Üç Avustralyalı araştırmacılardan oluşan bir ekip, dünyanın en hassas radyo teleskoplarından birini kullanarak Samanyolu'nun kalbinde uzaylı avına çıktı. 2020'nin sonlarında, uzaylı tekno-izlerini dinleyerek kulaklarını galaktik merkeze çevirdiler. Görüş alanlarında bilinen 144 ötegezegen ve potansiyel olarak milyarlarca yıldız bulunuyordu.
Ancak yedi saatten uzun bir süre boyunca gökyüzünü dinledikten sonra, uzaylıya benzeyen hiçbir şey bulamadıklarını söylüyorlar.
Arayış, Batı Avustralya çölüne yerleştirilmiş 4.096 örümcek benzeri anten ağından oluşan Murchison Widefield Array kullanılarak gerçekleştirildi. 256 karo halinde düzenlenmiş antenler, uzaydan düşük frekanslı radyo dalgalarını izleyebiliyor. Daha da önemlisi, dizinin geniş bir görüş alanına sahip olması, araştırmacıların uzayın devasa bir kısmında tekno-izleri (akıllı yaşam tarafından yayınlanan sinyalleri) dinleyebilecekleri anlamına geliyor.
Publications of the Astronomical Society of Australia dergisinde yayınlanmak üzere kabul edilen yeni bir makale, işte bu arayışı anlatılıyor.
Ekip, uzaylı sinyallerini aramak için MWA'yı ilk defa kullanmadı. Daha önce 2020'de kozmosun karanlık ormanını MWA kullanarak inceleyerek 10 milyondan fazla yıldızı analiz etmişlerdi, 2013'te galaktik merkezi incelemişlerdi ve 2018'de Orion Bulutsusu'na doğru bir arama gerçekleştirmişlerdi. Bu üç incelemede de hiçbir uzaylı sesi duyulmadı.
Ancak, California'daki SETI Enstitüsü araştırmacısı ve yeni makalenin başyazarı Chenoa Tremblay tarafından söylenene göre, yeni araştırma birkaç temel açıdan farklılık gösteriyor. 2013'te galaktik merkezde yapılan önceki aramada yalnızca 38 bilinen ötegezegen bulunurken, yeni arama 144 ötegezegeni içeriyordu. Tremblay, "Bu, MWA ile yaptığımız dört araştırma içinde bilinen en büyük ötegezegen nüfusu" diyor.
Galaktik merkez çevresinde yaşam aramak özellikle önemli; çünkü bölge galaksimizdeki en yüksek yıldız yoğunluğunu içeriyor. Yıldızların olduğu yerde, gezegenler olabilir ve gezegenler de uzaylı yaşamı içerebilir.

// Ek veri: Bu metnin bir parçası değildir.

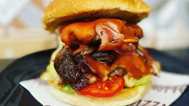 Hamburger di scottona, crema di parmigiana di melanzana , provola , cialda di formaggio

Yeni arayıştaki yıldız miktarını doğru bir şekilde tahmin etmek zor çünkü galaktik merkezin çok tozlu olabilmesi, araştırmaların görünümünü engelleyerek doğru bir okumayı zorlaştırıyor. Daha önceki aramalar, yıldızların miktarını saymak için Gaia Uzay Gözlemevi'nden alınan verileri kullanmıştı, ancak bu sistem galaktik merkezde kullanılamıyor.
Tremblay, ekibin Galaktik Çekirdek olarak bilinen ve 3,3 milyon yıldızı sınıflandıran farklı bir inceleme kullandığını söylüyor. Ancak inceleme, MWA tarafından incelenen alanın %1'inden daha azını kapsıyor.
Tremblay, "Bu tahmini genişletirsek, galaksimizin merkezine kadar milyarlarca yıldız sistemini kapsıyoruz" diyor.